THE PROBLEM -> Using the data below, return word for word every line from the one holding "Retro One Piece" down to the one holding "Antaira Technologies’ LMX-1600G". Leave pictures out.

DATASET RECORDS ->
+ + + +
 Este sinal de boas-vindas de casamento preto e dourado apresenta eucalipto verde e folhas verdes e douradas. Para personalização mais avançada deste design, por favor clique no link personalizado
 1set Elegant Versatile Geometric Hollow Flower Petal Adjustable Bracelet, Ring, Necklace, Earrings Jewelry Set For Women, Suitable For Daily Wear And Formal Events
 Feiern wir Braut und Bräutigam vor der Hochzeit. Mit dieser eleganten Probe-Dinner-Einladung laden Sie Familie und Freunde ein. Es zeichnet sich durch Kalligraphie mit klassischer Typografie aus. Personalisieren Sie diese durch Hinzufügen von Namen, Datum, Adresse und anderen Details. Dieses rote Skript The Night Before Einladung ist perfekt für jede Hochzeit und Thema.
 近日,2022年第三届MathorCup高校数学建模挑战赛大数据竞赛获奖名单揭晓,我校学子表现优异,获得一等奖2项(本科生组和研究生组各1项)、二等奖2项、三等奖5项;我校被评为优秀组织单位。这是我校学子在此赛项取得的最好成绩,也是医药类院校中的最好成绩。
+ + + +
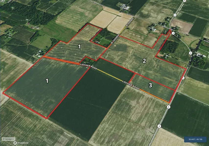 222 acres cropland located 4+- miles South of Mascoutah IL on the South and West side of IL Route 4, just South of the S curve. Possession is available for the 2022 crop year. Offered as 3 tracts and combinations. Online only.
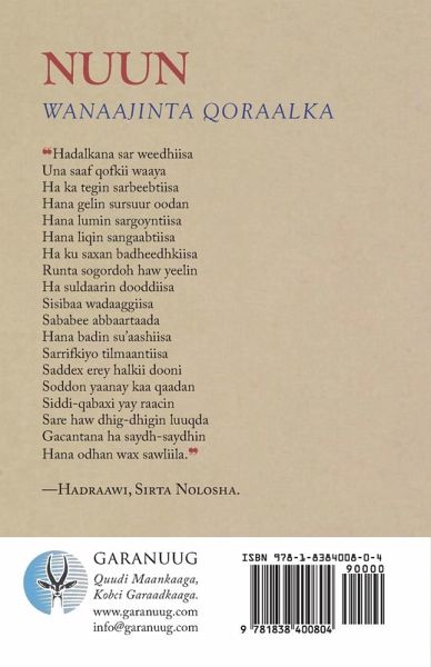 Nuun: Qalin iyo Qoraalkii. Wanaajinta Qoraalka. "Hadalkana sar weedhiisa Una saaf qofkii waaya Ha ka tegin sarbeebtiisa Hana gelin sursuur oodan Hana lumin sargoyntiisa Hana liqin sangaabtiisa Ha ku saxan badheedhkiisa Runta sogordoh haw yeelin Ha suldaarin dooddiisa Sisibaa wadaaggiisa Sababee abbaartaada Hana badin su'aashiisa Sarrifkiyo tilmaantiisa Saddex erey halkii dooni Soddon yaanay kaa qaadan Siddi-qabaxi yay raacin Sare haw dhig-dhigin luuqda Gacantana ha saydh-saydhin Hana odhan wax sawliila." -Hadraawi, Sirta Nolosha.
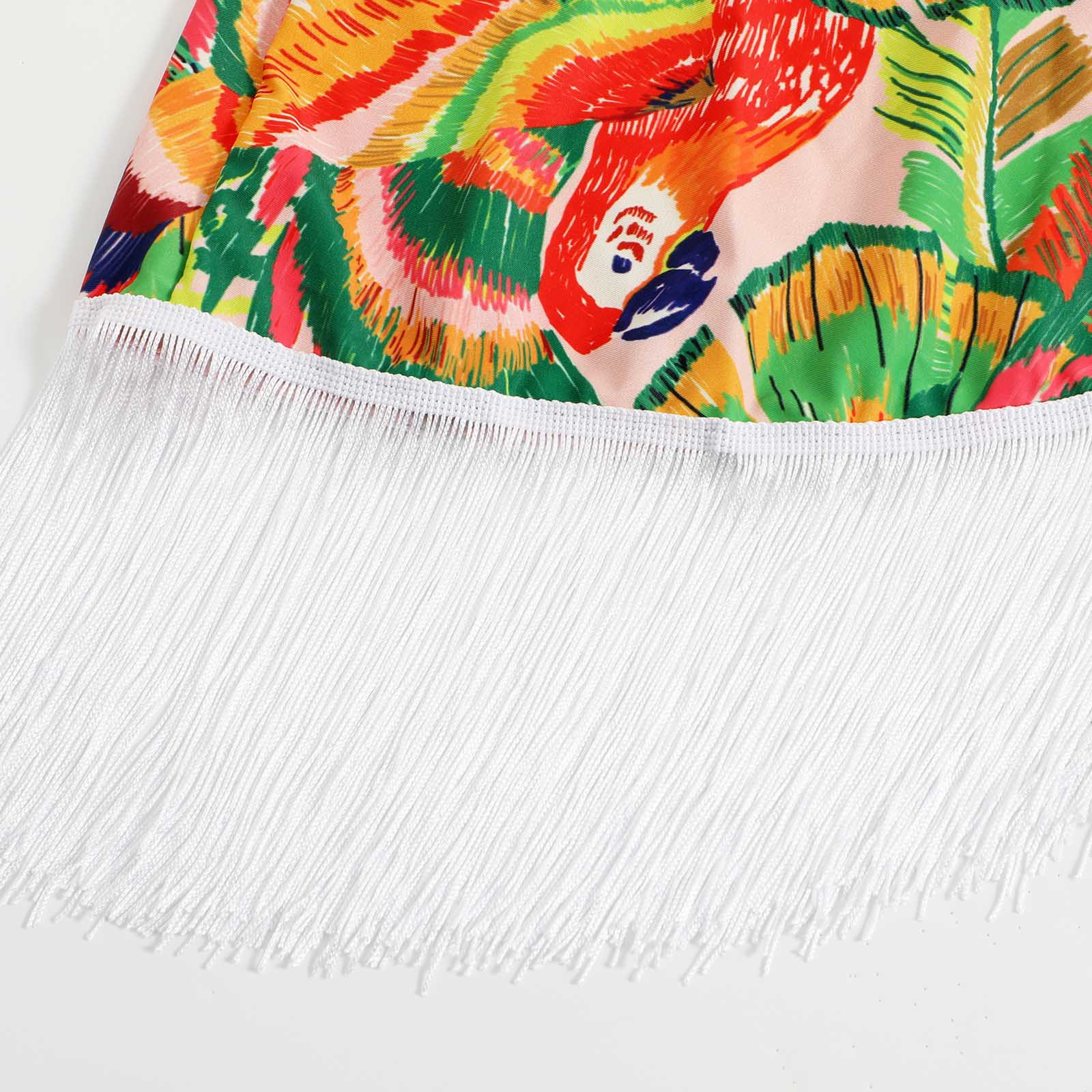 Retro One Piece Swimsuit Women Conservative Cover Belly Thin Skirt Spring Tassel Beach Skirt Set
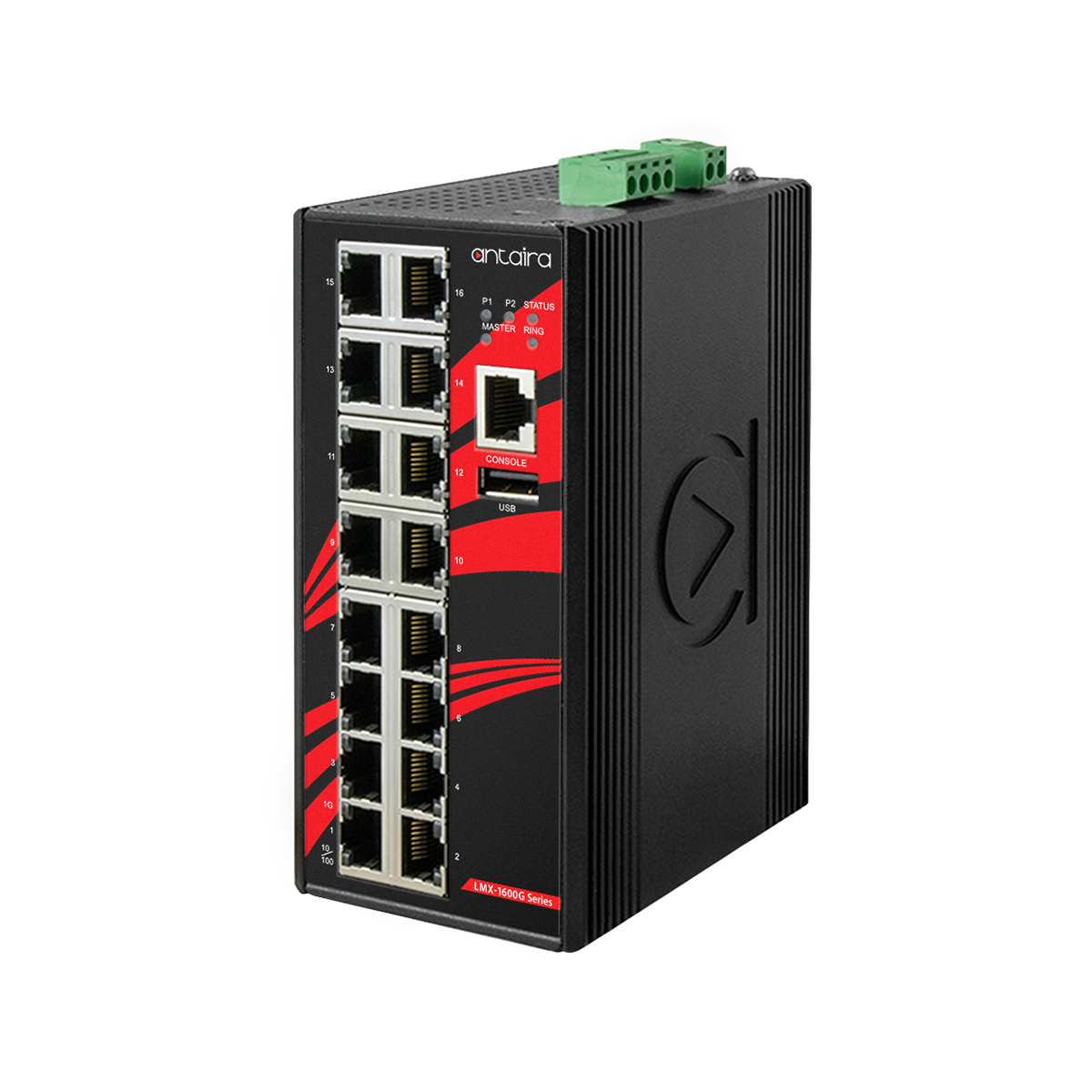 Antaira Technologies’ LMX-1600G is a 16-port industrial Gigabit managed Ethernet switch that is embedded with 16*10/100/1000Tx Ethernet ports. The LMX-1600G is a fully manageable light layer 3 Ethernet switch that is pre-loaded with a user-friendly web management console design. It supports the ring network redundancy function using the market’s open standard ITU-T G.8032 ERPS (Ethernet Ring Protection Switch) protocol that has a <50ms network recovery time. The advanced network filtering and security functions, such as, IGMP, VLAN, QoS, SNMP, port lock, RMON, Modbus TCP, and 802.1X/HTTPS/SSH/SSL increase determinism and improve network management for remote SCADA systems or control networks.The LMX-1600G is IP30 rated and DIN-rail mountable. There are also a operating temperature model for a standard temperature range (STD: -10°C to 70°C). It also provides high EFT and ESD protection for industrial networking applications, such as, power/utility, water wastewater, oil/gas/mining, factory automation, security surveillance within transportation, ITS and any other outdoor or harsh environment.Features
+ + + +
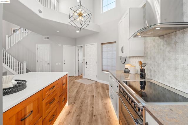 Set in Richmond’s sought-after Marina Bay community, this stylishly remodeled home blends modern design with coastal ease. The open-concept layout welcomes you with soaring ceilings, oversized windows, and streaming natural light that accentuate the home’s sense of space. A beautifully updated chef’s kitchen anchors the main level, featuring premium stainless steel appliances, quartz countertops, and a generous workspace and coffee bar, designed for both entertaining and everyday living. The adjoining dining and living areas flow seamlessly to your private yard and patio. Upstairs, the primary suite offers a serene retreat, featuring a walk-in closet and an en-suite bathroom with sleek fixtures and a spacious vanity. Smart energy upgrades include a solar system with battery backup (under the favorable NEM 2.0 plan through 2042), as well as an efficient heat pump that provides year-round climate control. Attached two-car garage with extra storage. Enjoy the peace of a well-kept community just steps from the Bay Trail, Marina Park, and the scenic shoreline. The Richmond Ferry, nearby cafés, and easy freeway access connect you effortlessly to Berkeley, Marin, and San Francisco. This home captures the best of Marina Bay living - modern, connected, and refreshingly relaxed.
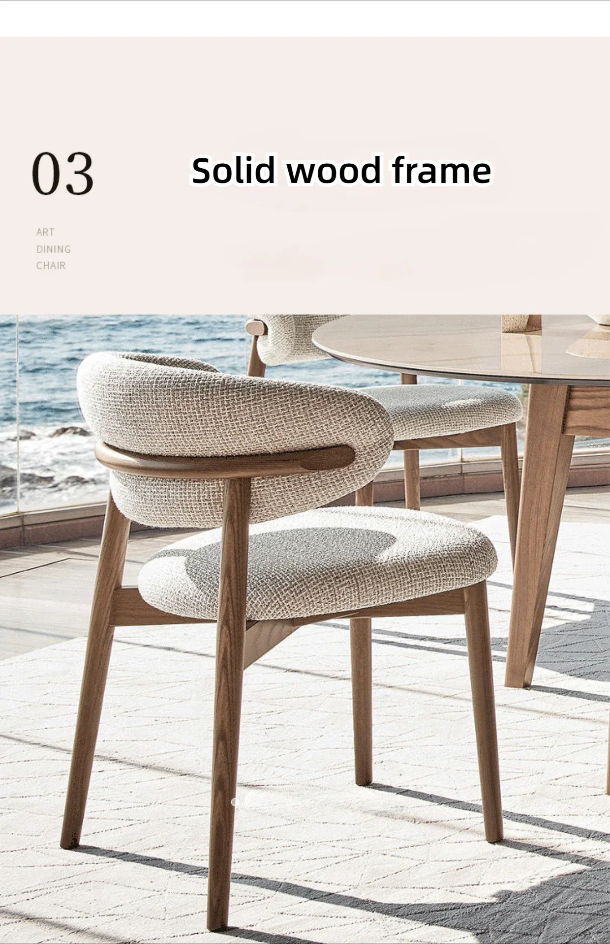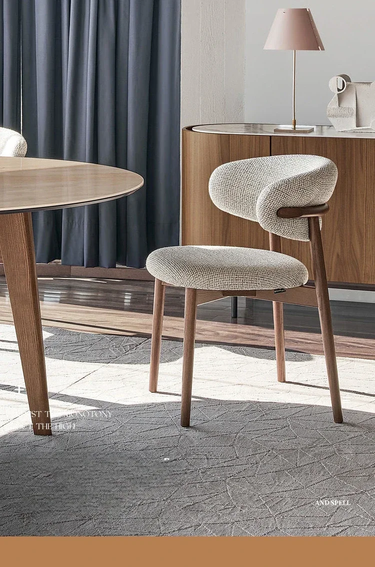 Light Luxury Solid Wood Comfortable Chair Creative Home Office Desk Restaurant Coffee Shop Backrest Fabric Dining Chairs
+ + + +
ANSWER BOX ->
 Retro One Piece Swimsuit Women Conservative Cover Belly Thin Skirt Spring Tassel Beach Skirt Set
 Antaira Technologies’ LMX-1600G is a 16-port industrial Gigabit managed Ethernet switch that is embedded with 16*10/100/1000Tx Ethernet ports. The LMX-1600G is a fully manageable light layer 3 Ethernet switch that is pre-loaded with a user-friendly web management console design. It supports the ring network redundancy function using the market’s open standard ITU-T G.8032 ERPS (Ethernet Ring Protection Switch) protocol that has a <50ms network recovery time. The advanced network filtering and security functions, such as, IGMP, VLAN, QoS, SNMP, port lock, RMON, Modbus TCP, and 802.1X/HTTPS/SSH/SSL increase determinism and improve network management for remote SCADA systems or control networks.The LMX-1600G is IP30 rated and DIN-rail mountable. There are also a operating temperature model for a standard temperature range (STD: -10°C to 70°C). It also provides high EFT and ESD protection for industrial networking applications, such as, power/utility, water wastewater, oil/gas/mining, factory automation, security surveillance within transportation, ITS and any other outdoor or harsh environment.Features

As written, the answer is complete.